◆ TASK DATA:
┄┄┄┄┄┄┄┄┄┄┄┄┄┄┄┄┄┄┄┄

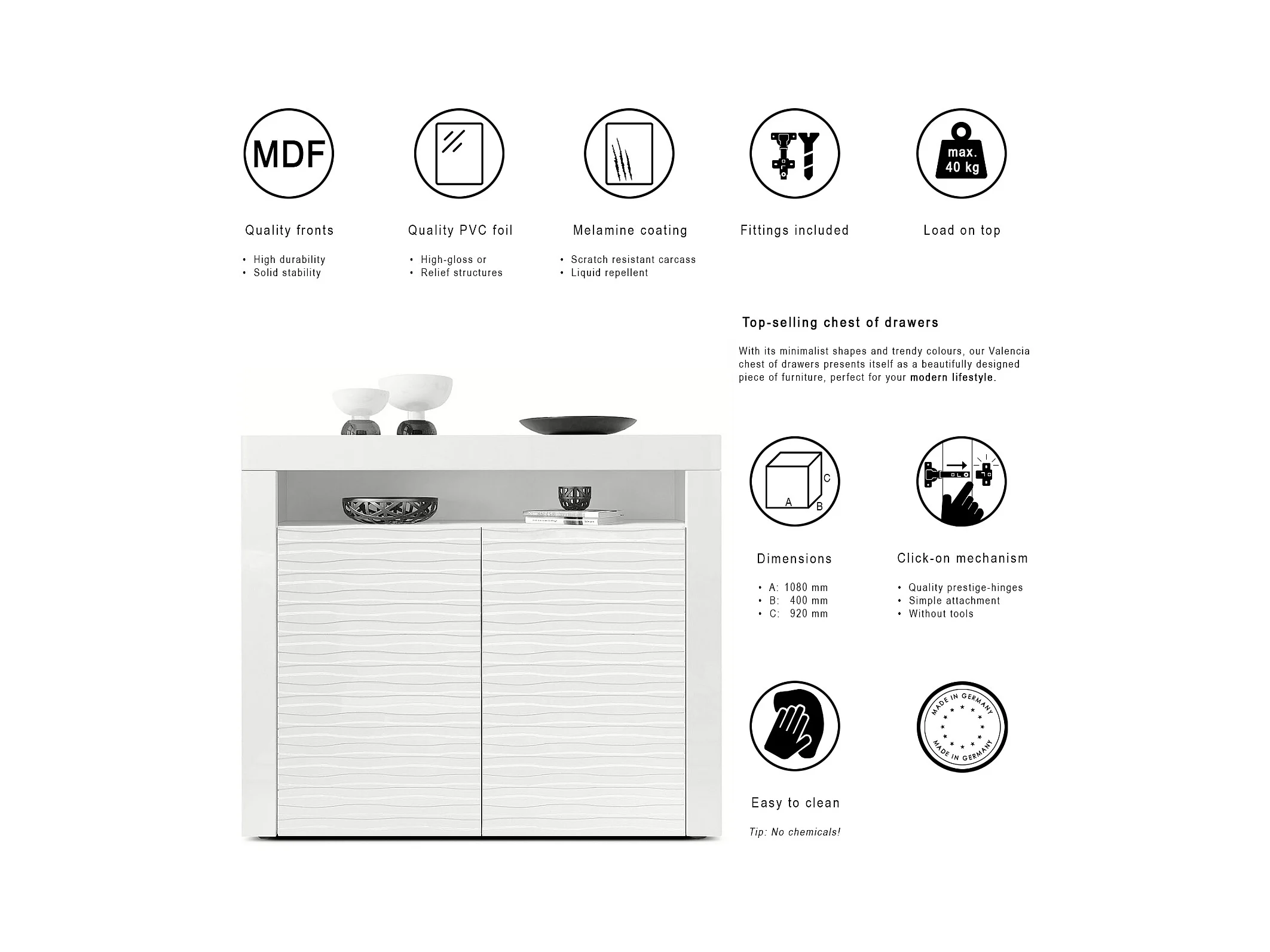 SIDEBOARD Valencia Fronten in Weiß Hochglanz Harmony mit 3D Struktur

┄┄┄┄┄┄┄┄┄┄┄┄┄┄┄┄┄┄┄┄

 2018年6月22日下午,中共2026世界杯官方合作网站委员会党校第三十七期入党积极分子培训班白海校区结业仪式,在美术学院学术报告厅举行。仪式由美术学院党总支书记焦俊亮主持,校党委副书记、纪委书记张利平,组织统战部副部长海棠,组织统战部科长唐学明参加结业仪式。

┄┄┄┄┄┄┄┄┄┄┄┄┄┄┄┄┄┄┄┄

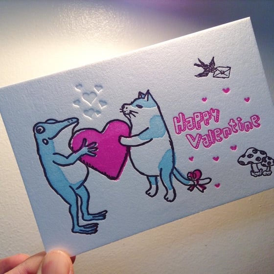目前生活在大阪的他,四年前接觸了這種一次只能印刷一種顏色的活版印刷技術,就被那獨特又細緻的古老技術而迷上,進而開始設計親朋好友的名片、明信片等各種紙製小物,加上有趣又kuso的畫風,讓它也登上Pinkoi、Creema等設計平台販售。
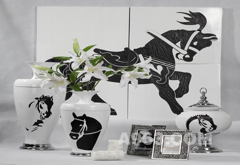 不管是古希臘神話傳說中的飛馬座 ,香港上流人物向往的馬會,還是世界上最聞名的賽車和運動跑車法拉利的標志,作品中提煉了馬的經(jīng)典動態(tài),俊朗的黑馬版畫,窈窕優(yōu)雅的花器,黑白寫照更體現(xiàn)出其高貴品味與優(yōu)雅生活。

┄┄┄┄┄┄┄┄┄┄┄┄┄┄┄┄┄┄┄┄

◆ WHAT IS REQUIRED:
Starting at the line above with "目前生活在大阪的他,四年前接", output every line exactly up to and including the line with "不管是古希臘神話傳說中的飛馬", but none of the pictures.

◆ WORKED SOLUTION:
目前生活在大阪的他,四年前接觸了這種一次只能印刷一種顏色的活版印刷技術,就被那獨特又細緻的古老技術而迷上,進而開始設計親朋好友的名片、明信片等各種紙製小物,加上有趣又kuso的畫風,讓它也登上Pinkoi、Creema等設計平台販售。
 不管是古希臘神話傳說中的飛馬座 ,香港上流人物向往的馬會,還是世界上最聞名的賽車和運動跑車法拉利的標志,作品中提煉了馬的經(jīng)典動態(tài),俊朗的黑馬版畫,窈窕優(yōu)雅的花器,黑白寫照更體現(xiàn)出其高貴品味與優(yōu)雅生活。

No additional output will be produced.